Puerto Rican History Deserves More than a Mural
Steven Spielberg’s new rendition of the musical West Side Story is now in United States movie theaters. Long anticipated, and delayed by the pandemic, attendance will be bolstered by rave reviews from eminent critics like A.O. Scott of the New York Times. Already, during previews, the film boasts $800,000 in box office receipts: current post-release estimates for the first week are $17 million.
Yet, as with the original movie directed by Robert Wise and Jerome Robbins in 1961, a cloud of suspicion about the film’s depiction of Puerto Rican youth rises. And as with this earlier film version, and the original Broadway hit, the true sources of inspiration for this retelling of the Romeo and Juliet story in Cold War New York—Puerto Rican youth themselves—seem to have been silenced and erased.
But they don’t have to be. Hollywood could tell the story of Chicago’s Young Lords Organization (YLO).
In college, circa 1990, a stage production of West Side Story turned me from a cautious fan into a picketer. I was lured by the possibility of seeing my Puerto Rican, inner-city life portrayed at the Ivy league institution that I had infiltrated, but the decision to cast yet another white woman in the lead, and no Latinos, let alone Puerto Ricans, led some of us to protest the production. Not coincidentally, at that time, similar issues were being raised about another musical, David Henry Huang’s Miss Saigon, an adaptation of Puccini’s Madame Butterfly set in post-World War II French-occupied Vietnam.
For many, West Side Story is simply an iconic musical with catchy tunes. For me, however, it became a critical entryway into political consciousness about when and how Puerto Ricans matter in United States history, and why popular representations are instrumental to that. The lack of historical and cultural attention to Puerto Rico and its citizens is notable—or rather, it should be. The island has endured over 120 years of colonization, occupation, neglect, and mass migrations, as well as social, political and economic exchanges.
Yet, West Side Story is still Hollywood’s only major response to this history.

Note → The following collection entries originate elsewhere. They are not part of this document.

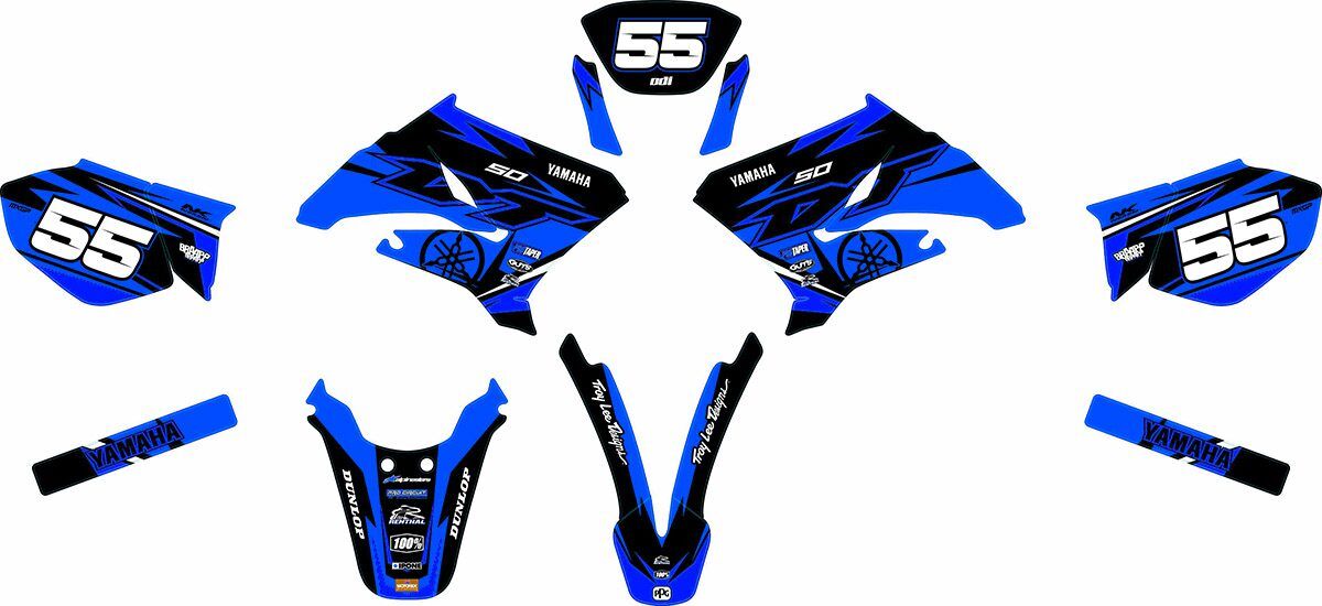 Pour une personnalisation encore plus poussée, vous pouvez customiser votre Kit déco Yamaha DT 50 – Craft Bleu avec nos différentes options comme la base du Kit déco, la finition et pourquoi pas ajouter votre pseudo ou bien changer le numéro.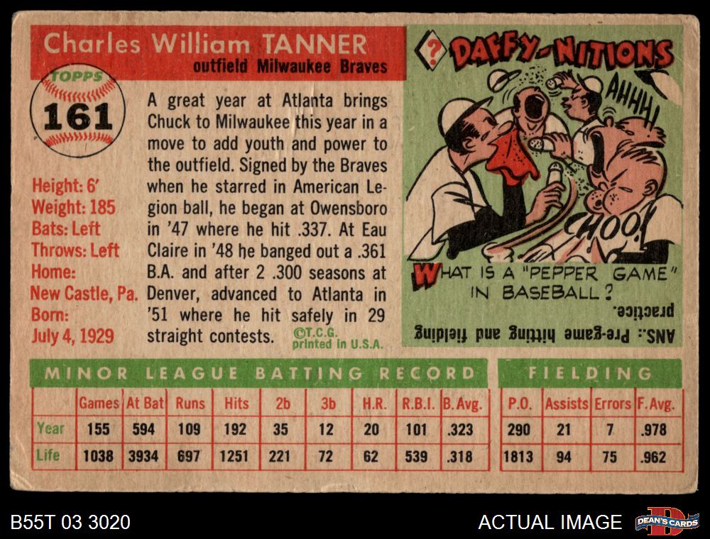 1955 Topps #161 Chuck Tanner 2.5 - GD+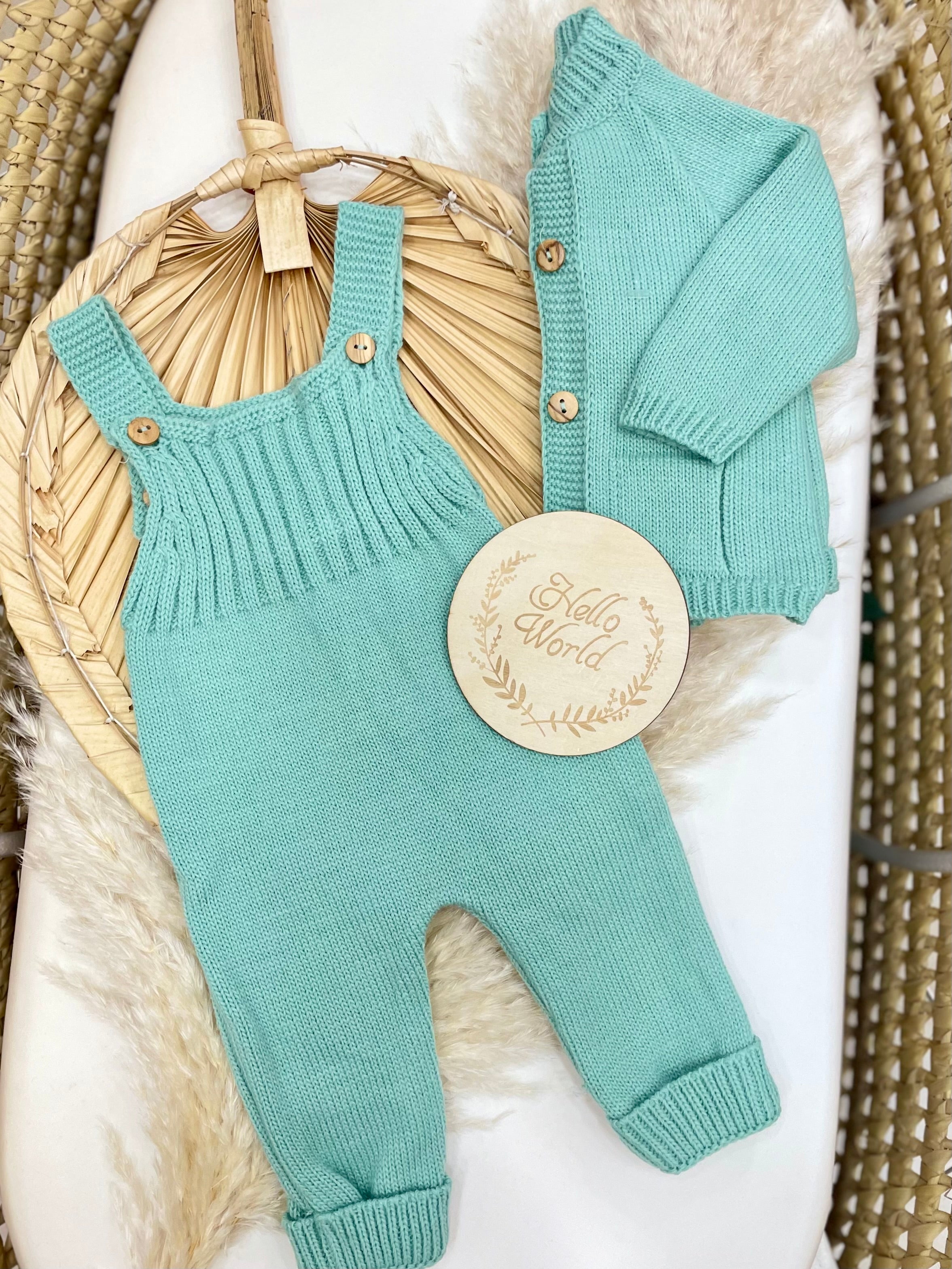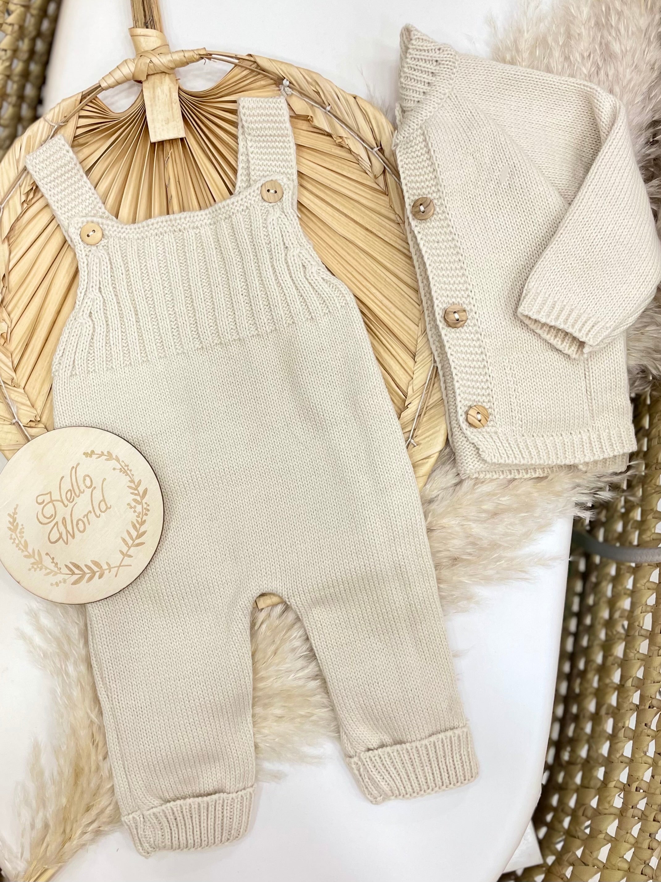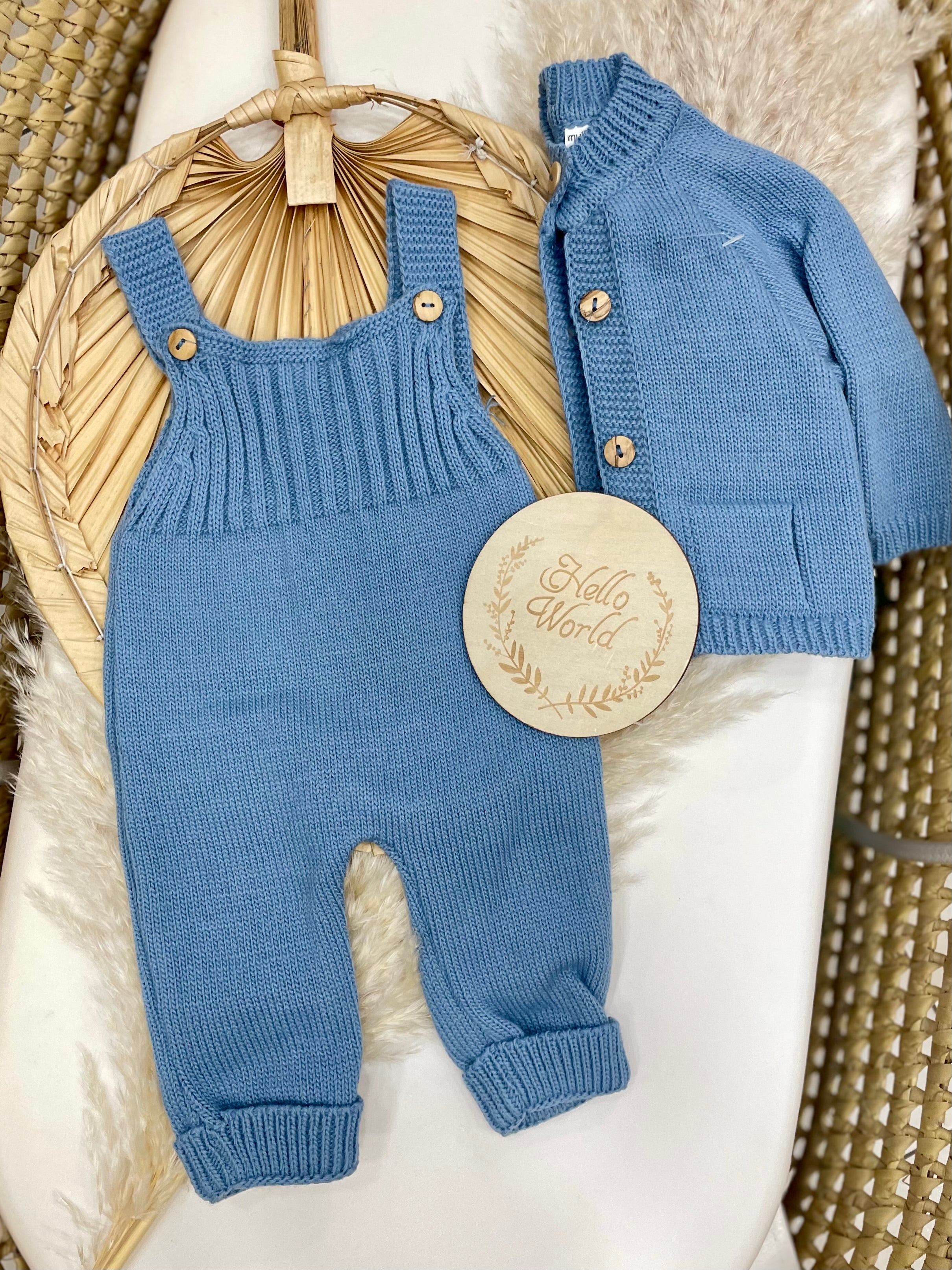 Completo in lana acrilica composto da salopette e cardigan

Those stories exist. It was a Puerto Rican gang influenced by the 1961 film that presented me with my first major historical counter-narrative about Puerto Rican street youth. In 2001, I was a bright-eyed new professor in Chicago unknowingly standing at the bluntly inconspicuous birthplace of the Young Lords Organization, the former gang turned political organization that marked the entryway for Puerto Ricans into the civil rights movement. As a Puerto Rican historian and cultural critic, I was invited to join a project being planned by members of the Young Lords and university partners to shed light on the origins of the movement in Lincoln Park. To my surprise, I was sitting at a table with the founders of a movement that I thought I knew about, and had been profoundly inspired by, but that I had always associated with New York, and never associated with Chicago gang culture.
That first meeting opened a portal to history, and I committed to never again allowing it to close.